I'm responsible for your customers' data, your email, your published text. These six pillars are built into the platform — not a Phase-2 deliverable.

  • Magic-link auth

    No passwords. NextAuth v5 with Resend, allowlisted emails. A leaked link cannot log in a stranger.

  • Prompt-injection defense

    All user text from webhooks is wrapped in UNTRUSTED blocks. The model is instructed to never follow directives inside. Schema-validated URL allowlists block exfiltration.

  • Per-agent + per-client budget cap

    Every agent has a daily budget threshold. Every client has a monthly token envelope. Hit either cap and the runner refuses to start — no agent can trick the platform into draining a client's budget. Postgres advisory locks block race conditions.

  • Schema-validated output

    All structured agents use generateObject + Zod. The model cannot send garbage that crashes the pipeline. External agents (Scout/Liaison) also have a safety_classification field.

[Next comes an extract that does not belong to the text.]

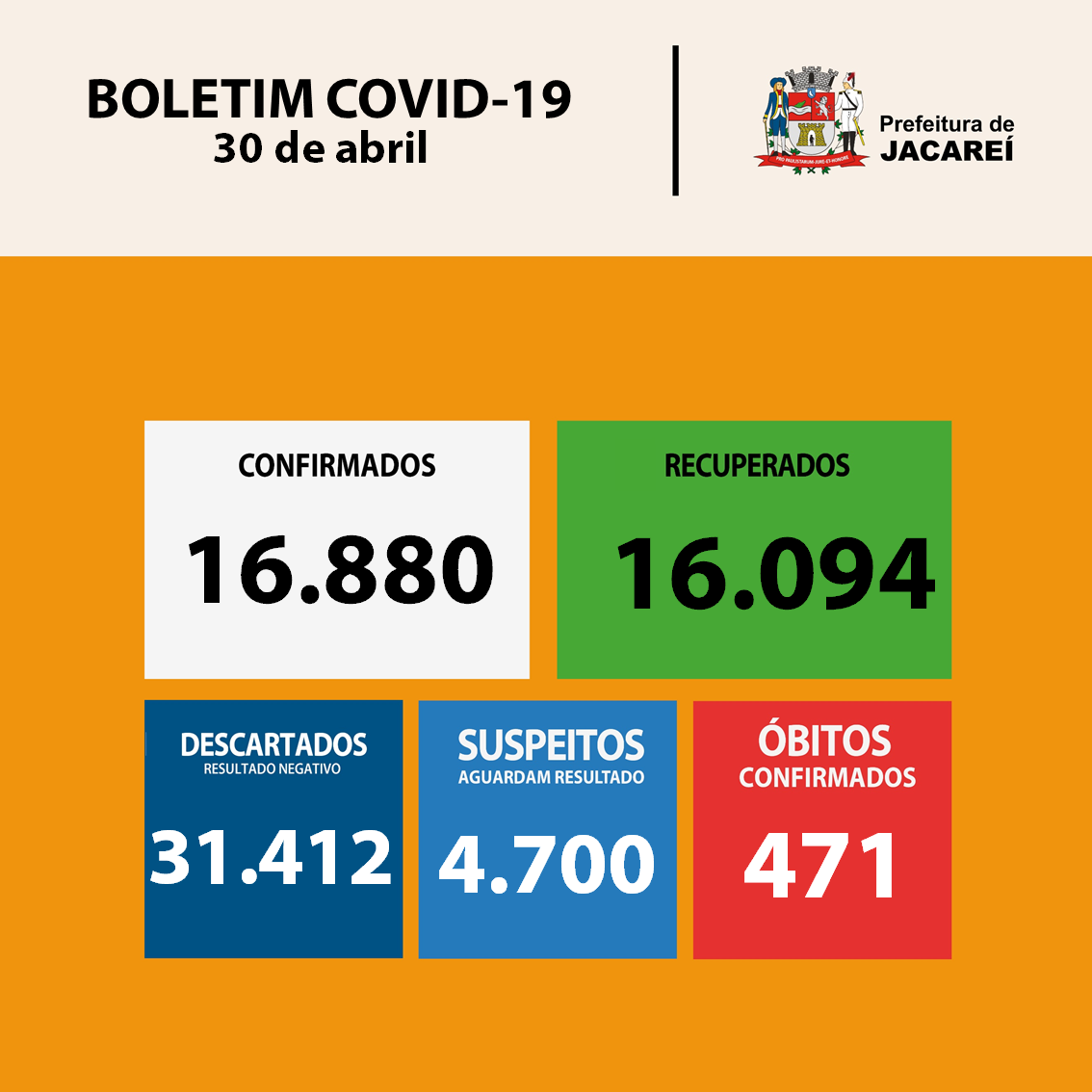 Jacareí está com 16.880 casos confirmados da doença. São 8.664 mulheres e 8.216 homens. Dos confirmados, estão internados 62 (27 em hospital público – sendo 14 em UTI –, e 35 em hospital privado – sendo 23 em UTI). Há 315 confirmados em isolamento (internados e em casa). E 471 óbitos até aqui.

  • Per-client webhook tokens

    Every client has its own bearer token in the clients.webhook_token column. A leaked token compromises just one client's event stream — not the whole platform.

  • Append-only audit log

    Every agent run, every approval, every blocked refusal is logged. Can never be edited after the fact. Debugs "why did Auditor say X" in 30 seconds.

The stack

Modern, proven, and operationally robust. Everything runs on EU-based providers with a transparent versioning policy — no black boxes.

Frontend

  • Next.js 15 (App Router)
  • React 19
  • TypeScript strict
  • Tailwind v4
  • next-intl (sv/en)

Backend

  • Vercel serverless + edge
  • Postgres (Neon EU)
  • Drizzle ORM
  • NextAuth v5 + Resend magic-link

AI layer

  • Vercel AI SDK v4
  • Claude Haiku 4.5 (specialister)
  • Claude Sonnet 4-6 (Captain + Surgeon)
  • Prompt caching
  • generateObject + Zod-scheman

Ops

  • GitHub Actions cron
  • Postgres rate-limit buckets
  • Resend för transaktionella mejl
  • Audit log + intern eventbus

A day on the platform

What the agents do without me lifting a finger — and where I actually click to approve.

  1. 02:00 UTC
    Sentinel runs security scan on the site + GitHub repo. Find something critical? It becomes a pending_approval draft for me.
  2. 06:00 UTC
    Captain compiles a morning briefing based on the last 24h. Captain-daily emails each Standard/Pro client with yesterday's numbers.
  3. 09:18
    I open /inbox, read, edit two lines, click Approve. Resend sends the email under my name.
  4. 14:32
    A customer emails a support question. Liaison drafts a reply in my voice. I approve.
  5. every 6 h
    Watchman polls your site, fetches the sitemap + canonical root, logs 4xx/5xx in client_errors. Recurring errors escalate to Surgeon.
  6. at threshold
    Surgeon reads the broken URL, fetches relevant code from your repo, drafts a supervised PR with a fix. You read it, merge or close.
  7. every 30 min
    Guardian checks all agents' health. One missed its cron — only escalates if it persists across two cycles.
  8. Mon 07:00
    Auditor fans out one run per active client. Weekly report lands in /inbox for review, then emails to the client.

It's the same system I build for you

You don't have to build anything yourself. You just need to know the person building for you runs the same stack themselves, every day, and sees problems before you do.